The New Year’s resolution that should be on every (real) conservative’s list

Well, I finally did it. I’ve flirted with this decision for six years and have threatened to do it and haven’t. But today, I finally decided. The last time I did this was almost exactly twenty years ago. This time, however, it’s a permanent change.

I am no longer a registered Republican.

I sent in the form today; as soon as it’s approved, I’ll be a registered independent, with no party affiliation.*

Over the last six years I’ve tried very hard to come to terms with my love-hate relationship with the GOP. Unfortunately, my RRDS (Recurring Republican Disillusionment Syndrome) is now chronic and permanent. On the one hand, my political roots are Republican.

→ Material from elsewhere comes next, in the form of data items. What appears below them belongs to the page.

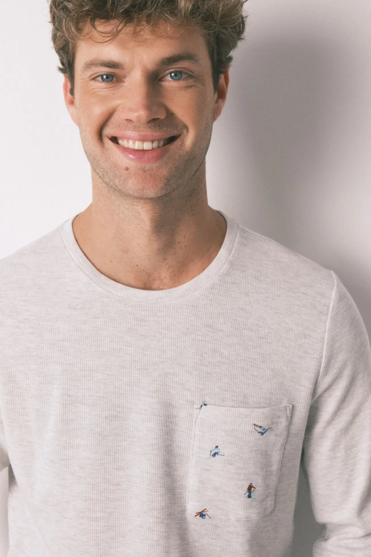 – Camiseta de cuello redondo, tapeta con botones y bolsillo de plastrón en el pecho.
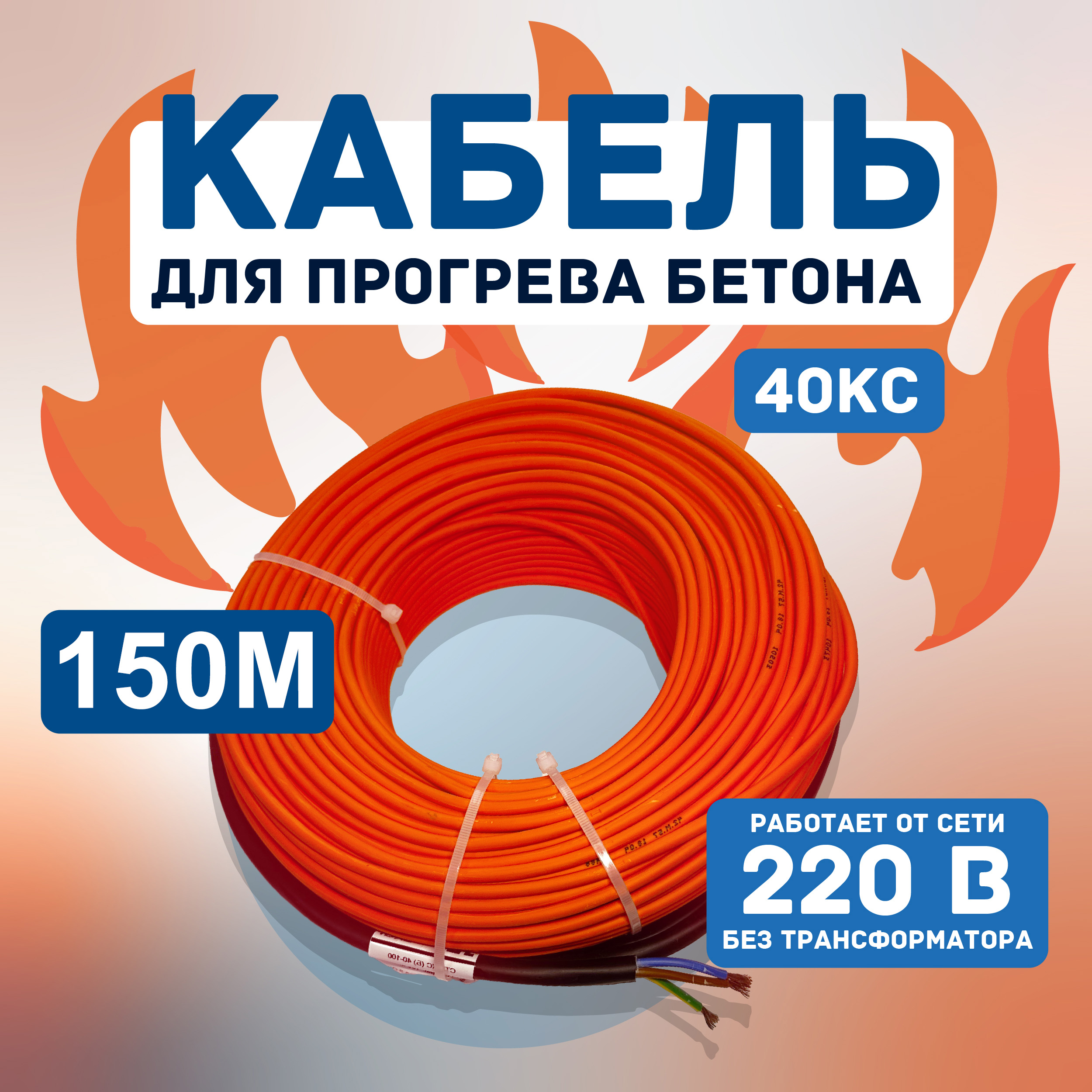 Кабель для прогрева бетона 40КС-150 используется для ускорения застывания бетонной смеси и обогрева железобетона в холодное время года. Состоит из двухжильного резистивного провода с концевой муфтой с одной стороны и установочной части с соединительной муфтой с другой стороны, уложенных в виде нагревательной секции длиной 150 м. Работает от обычной сети 220-240 В, не требует наличия и подключения к дорогостоящему трансформатору. Степень защиты IP67. Суммарная мощность обогрева секции 6000 Вт/ч.
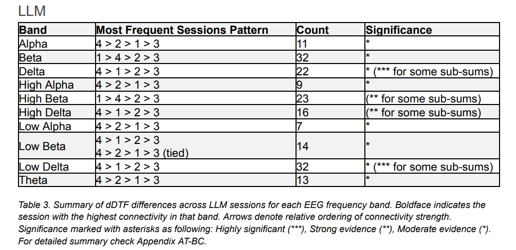 - 关键认知环节的缺失:研究指出,LLM 使用者α和β波网络的参与不足,这可能意味着他们跳过了自主构思和组织策略的关键过程。

I registered Republican upon becoming a US citizen in 1983, in great part thanks to the great Ronaldus Magnus, the greatest president of my lifetime. On the other, however, I have had just about enough: starting long before with Richard Nixon (the first Repub to thoroughly disillusion me), and then through the debacles of 1992 and 1993, the self-inflicted and completely unnecessary disaster of the 2006 mid-terms, and yesterday’s utter capitulation to the Democrats. There may still be some real conservatives left in the GOP, but the majority of the party is populated by professional politicians, spineless boot-licking ass-kissers, Rockefeller Republicans, and belt-way RINOs who only want to maintain the status quo, their constituents be damned. I do not want to be associated with a political party that talks the talk of conservatism while walking the walk of liberalism.

Folks, let me tell you you what many of you are thinking but do not want to admit to yourselves: the party of Ronald Reagan no longer exists. It is dead.



* Here is the link for those of you in Miami-Dade County who want to do the same thing.



14 thoughts on “The New Year’s resolution that should be on every (real) conservative’s list

  1. It couldn’t have been said it any better. Funny thing, though, last weekend I was mulling things and had the exact same thoughts — weary of reading all the news about the GOP leadership’s cave to such a scumbag of a president who, under other circumstances, should have been made picadillo politically. Coming to terms with reality was the hardest part, but rather than continue with my frustration, made the same decision you have and will be going independent. Can’t tell where that road will lead, but what I do know is that the current one is leading nowhere and it’s pointless to spend anymore time traveling on it.

  2. I did the very same thing as soon as I got home this evening. I cannot remain a member of the party under the current leadership, not after the latest turncoat vote.

  3. Well,

    I used to be a registered democrat because it gave me the opportunity to vote in the dem primary and choose the best of the options to be the opponent. Then the dem candidates were all awful so I switched to my party to be able to choose the most conservative for my side. I think I will stay there because to allow the left to take over the rep party is no improvement over the situation.

    I hate crossover primaries and if you are not a registered Rep. you can’t move our party to the right.

    This is a terrible deal, but we don’t have the marbles. The msm which turned Romney into such an out of touch villain they got some on our side to agree, gets to decide what is voted on. That is why this terrible deal got passed. The alternative would be so much worse.

    Our job is to support the Tea Party, not participate in any talk of its being obsolete. We must support conservatives. (If Cantor, for example, is the one to replace Boehner, we might as well keep Boehner. It isn’t entirely the Speaker’s fault.) We must take over the Senate and add more conservatives to the House. Until we do that, no speaker can make any difference.

    George, tempting though it is, I disagree with your choice.

  4. The key issue remains the same: what the electorate will and will not stand for. The politicians are more symptoms than the actual disease. Alas, the electorate is quite sick, or certainly appears to be.

  5. Why not go Libertarian? It sends a pretty strong message. I did that years ago, but overwhelmingly vote Republican (usually pinching my nose as they are dem-lite more often than not)

  6. raddoc,

    Libertarians are out of touch with reality because they’re way too entrenched in American isolationism which is an impossible concept.

    In a way they’re just as dangerous as the liberals…

  7. True-that’s where Ron Paul lost me. I liked his internal policies but not his external policies. I’ve been in a fugue state since the elections; I thought at least we had the House, and that there were enough Tea Partiers to provide some spine. I think we should have gone over the “cliff”. Funny how for years the media portrayed the evil Bush tax cuts as only fir the rich, but now they are important for the middle class.

  8. raddoc, that is brilliant about how the left called them tax cuts for the rich and now they must be kept because they are for the middle class. You ought to send that to every place you can. I think that is terrific.